The COMP appears to have had what's referred to as a "running correction" in EW terminology. Instead of pulling back as the DOW did, the techs corrected in an upward sloping correction. These are relatively uncommon but not in a market that's not allowed to pull back. If this interpretation of the pattern over the past week is correct then it's set up like the SPX chart I showed above and we should see another push to new highs. The top of its up-channel is near 2500 and that makes for a great place to lie in ambush with your short play. One warning on this index is that the chopping higher over the past week could be a heads up that this one is very close to finishing its rally. This interpretation suggests a minor new high on Monday could finish it off and top out perhaps earlier than the big caps. This might be a result of money rotating into the safety of the big caps. Small caps and techs might suffer a little earlier.
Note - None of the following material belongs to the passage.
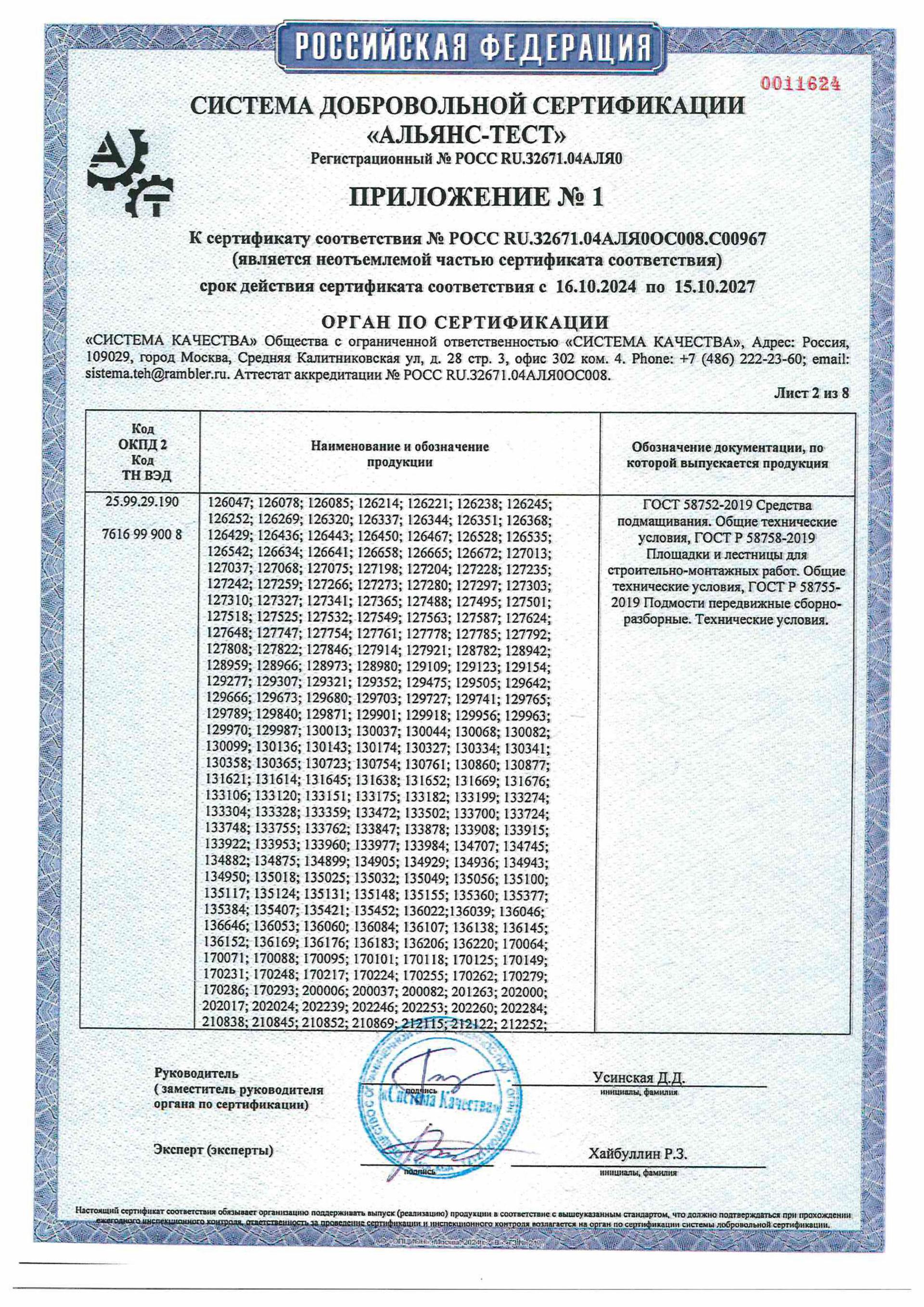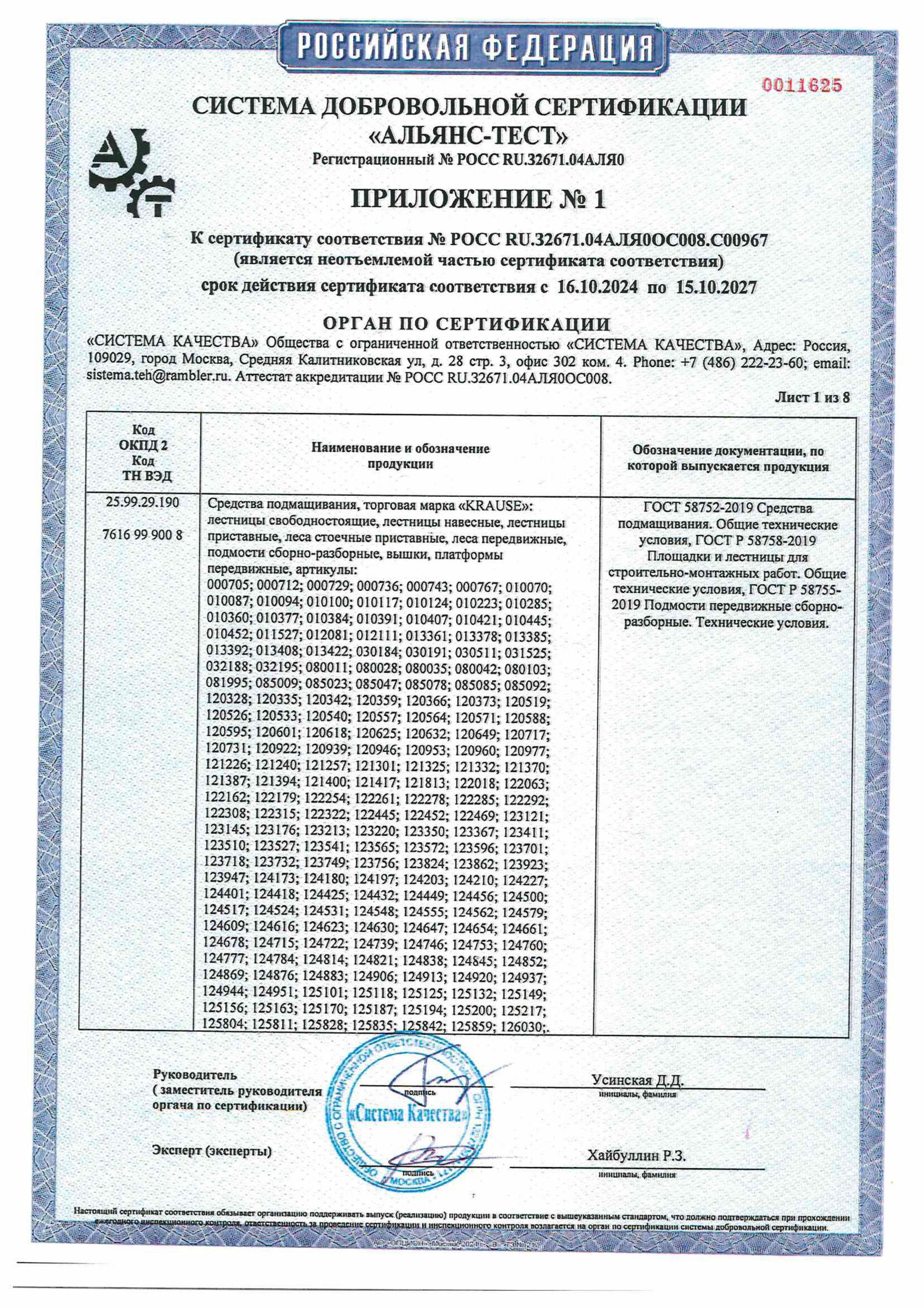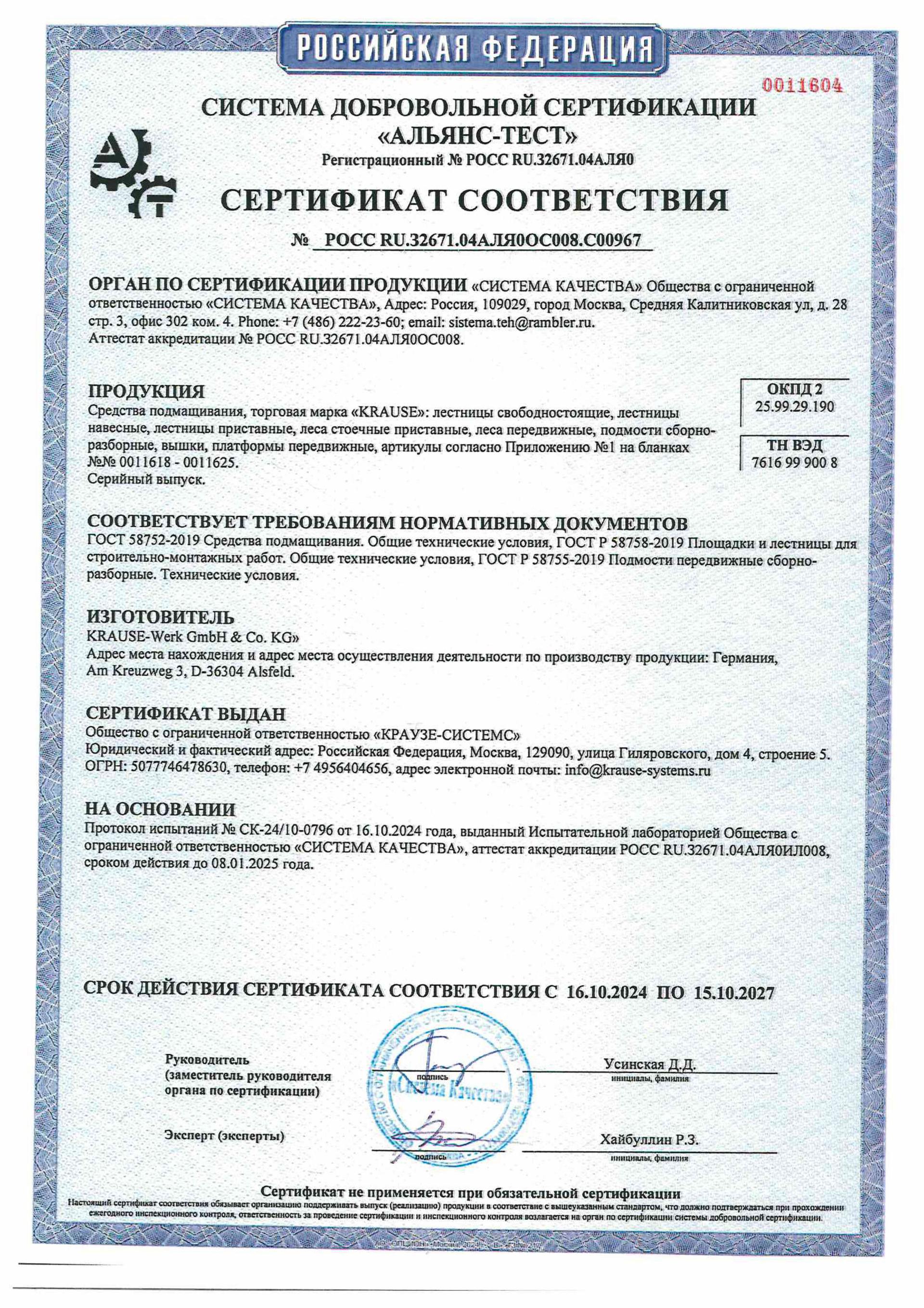 • Продукт сертифицирован в строгом соответствии с ГОСТ Р 58752-2019 и DIN EN 131, что подтверждает высокие стандарты безопасности и качества.

NYSE Composite index, Daily chart

Looking at the big index in an effort to gauge the broader market shows me the same potential as the others--a small pop higher could have it tagging resistance at the nice round number of 9000. In its EW count, with an extended 5th wave in the move up from June, a common Fib projection for that 5th wave is equality with the previous two impulsive waves (1 and 3) which is at 8968. Therefore between 8968 and 9000 I'm looking for a top in NYSE. Thursday's high was 8962 so close enough? If Friday's low is taken out right away on Monday and it drops below 8872, the November 7th high, then I'd say we've seen the top already.

SOX semiconductor index, Daily chart

The SOX continues to look somewhat bullish here. It managed to break above trend line resistance and is now consolidating under its 62% retracement resistance. A break higher could carry some. There is a lot of air above it for a run up to 530. Obviously it would need the help of a bullish climate and the broader market rallying and therein lies the problem in my opinion. I can see the possibility for a minor new high in this one as part of its choppy climb higher over the past week. Any drop back below 480 would be bearish.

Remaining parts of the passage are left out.